Provided data Start Marker
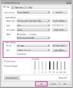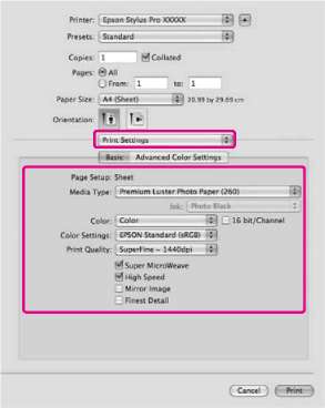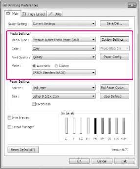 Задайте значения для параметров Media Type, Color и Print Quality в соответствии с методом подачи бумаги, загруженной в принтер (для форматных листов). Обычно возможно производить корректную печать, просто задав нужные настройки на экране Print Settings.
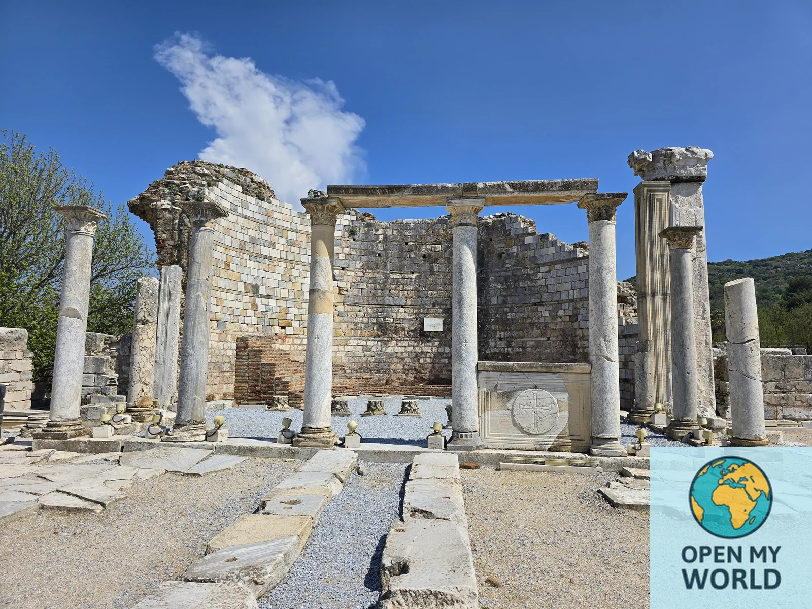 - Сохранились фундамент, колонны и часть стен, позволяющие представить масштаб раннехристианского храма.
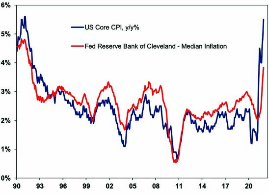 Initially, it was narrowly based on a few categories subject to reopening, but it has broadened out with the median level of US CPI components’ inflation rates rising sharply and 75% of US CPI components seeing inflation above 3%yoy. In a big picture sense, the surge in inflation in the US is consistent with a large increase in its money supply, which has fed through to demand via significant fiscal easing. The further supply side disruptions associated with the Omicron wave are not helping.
Provided data End Marker
Provided data Start Marker
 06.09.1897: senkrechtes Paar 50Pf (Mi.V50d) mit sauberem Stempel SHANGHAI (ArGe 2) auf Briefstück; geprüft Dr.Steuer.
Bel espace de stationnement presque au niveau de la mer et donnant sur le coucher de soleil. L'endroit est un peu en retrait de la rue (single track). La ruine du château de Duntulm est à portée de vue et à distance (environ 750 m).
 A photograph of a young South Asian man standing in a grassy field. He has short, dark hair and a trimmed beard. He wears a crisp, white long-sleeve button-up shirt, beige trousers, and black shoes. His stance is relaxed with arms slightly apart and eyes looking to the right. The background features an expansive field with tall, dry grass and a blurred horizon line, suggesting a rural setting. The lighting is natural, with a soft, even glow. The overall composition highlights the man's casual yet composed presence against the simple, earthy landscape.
Provided data End Marker
Provided data Start Marker
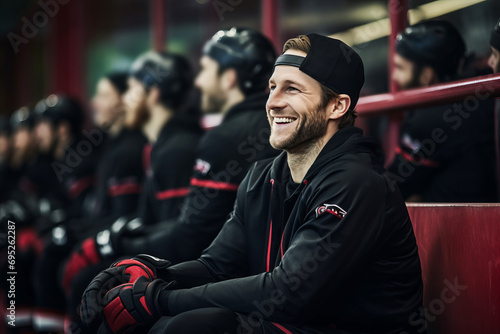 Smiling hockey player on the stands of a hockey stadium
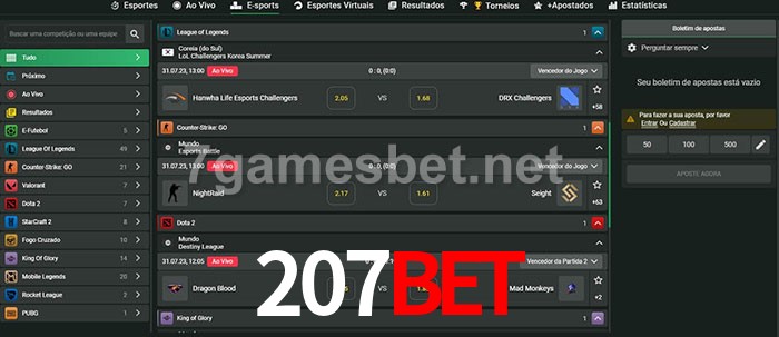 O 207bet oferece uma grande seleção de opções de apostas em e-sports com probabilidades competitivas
Provided data End Marker
### Prompt
Leaving out each picture, repeat exactly the lines above from the one that contains "Задайте значения для" through the one that contains "Initially, it was".

### Your solution
 Задайте значения для параметров Media Type, Color и Print Quality в соответствии с методом подачи бумаги, загруженной в принтер (для форматных листов). Обычно возможно производить корректную печать, просто задав нужные настройки на экране Print Settings.
 - Сохранились фундамент, колонны и часть стен, позволяющие представить масштаб раннехристианского храма.
 Initially, it was narrowly based on a few categories subject to reopening, but it has broadened out with the median level of US CPI components’ inflation rates rising sharply and 75% of US CPI components seeing inflation above 3%yoy. In a big picture sense, the surge in inflation in the US is consistent with a large increase in its money supply, which has fed through to demand via significant fiscal easing. The further supply side disruptions associated with the Omicron wave are not helping.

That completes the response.